The man seated before you is Rodman Edward Serling, born on Christmas Day 1924 and fated to be the somber, haunting host and creator of “The Twilight Zone,” the most enduring, idiosyncratic classic in four decades of television.

Those tail-finned Buicks, passing outside his window indicate that the time is late in the Golden Age of Television, an era in which the volatile Rod Serling is a famous writer of live network theater. But the short, dark, preternaturally intense figure you are watching — a four-pack-a-day smoker said to write television scripts in four hours and destined to be the author of more than 200 — is not the confident, oracular presence who will become familiar to millions, his hands clasped professorially before him.

For this man is angrier, nervier, more vulnerable to tragedy. A man whose ambition to be a serious writer, whose passion for morality in drama will clash with his own lust for fame and celebrity and the imperatives of an industry he helped to launch. A regrettable consequence of divided principles, but an inevitable one. Lesson to be learned — in “The Twilight…”

That is, in “Serling: The Rise and Twilight of Television’s Last Angry Man” by Gordon F. Sander (E.P. Dutton). Possibly the highest compliment one can pay Sander, a cultural journalist and scholar who has now produced the first major biography of one of TV’s immortals — a superb one — is that he manages to avoid Serling imitations himself. It’s not easy.

Instead, this Marymount Manhattan College teacher, who conducted more than 220 interviews in piecing together Serling’s fast and frenetic career, re-creates a Serling unfamiliar to many contemporary viewers who know the one-time “golden boy” of TV writing only for his provocative scripts, spooky lead-ins and sober narration on “Twilight Zone” reruns:

-The 5’4″ native and proud Jewish son of Binghamton, who never quite accepted either his Judaism or his height. (He converted to Unitarianism and wore elevator shoes for his “Twilight Zone” appearances — the camera cut him off mid-thigh because he wouldn’t permit himself to be filmed full-frame.)
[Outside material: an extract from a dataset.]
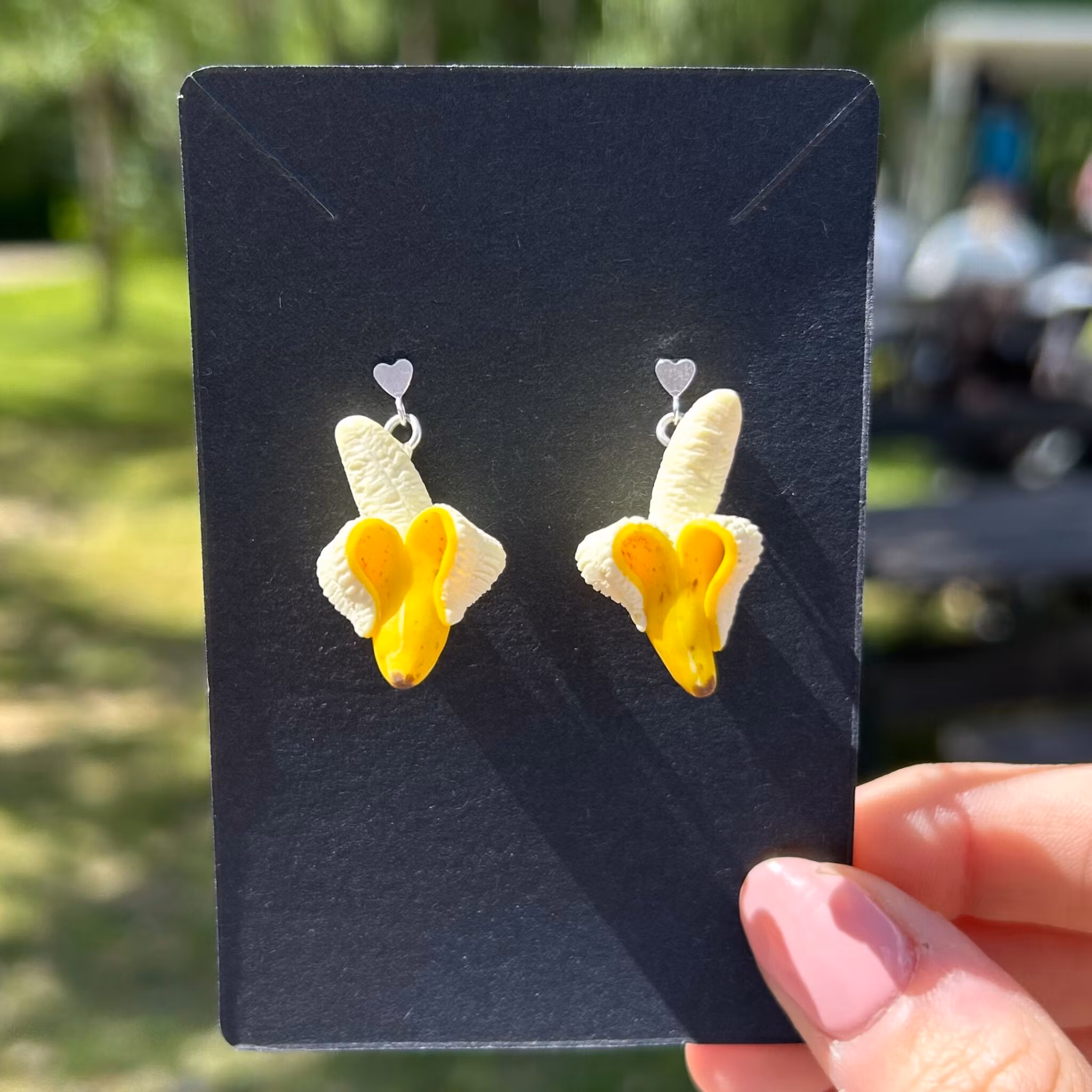 Bananer örhängen 250:- Information nedan💛 Produkten är tyvärr slut i lager Dela Information Bananer!🍌Höjd: ca 2,0 cmBredd: ca 1 cmNickelsäkra (Materialinformation)Priset är inklusive moms

-The ardent paratrooper and twice-wounded veteran of World War II battles in the Philippines who repeatedly drew on his war experiences in script after script.

-The star of late ’50s TV writing who became a savage opponent of McCarthyism, sponsor censorship of TV content and his own CBS network, leading the industry magazine Television Age to call him TV’s leading critic in 1961.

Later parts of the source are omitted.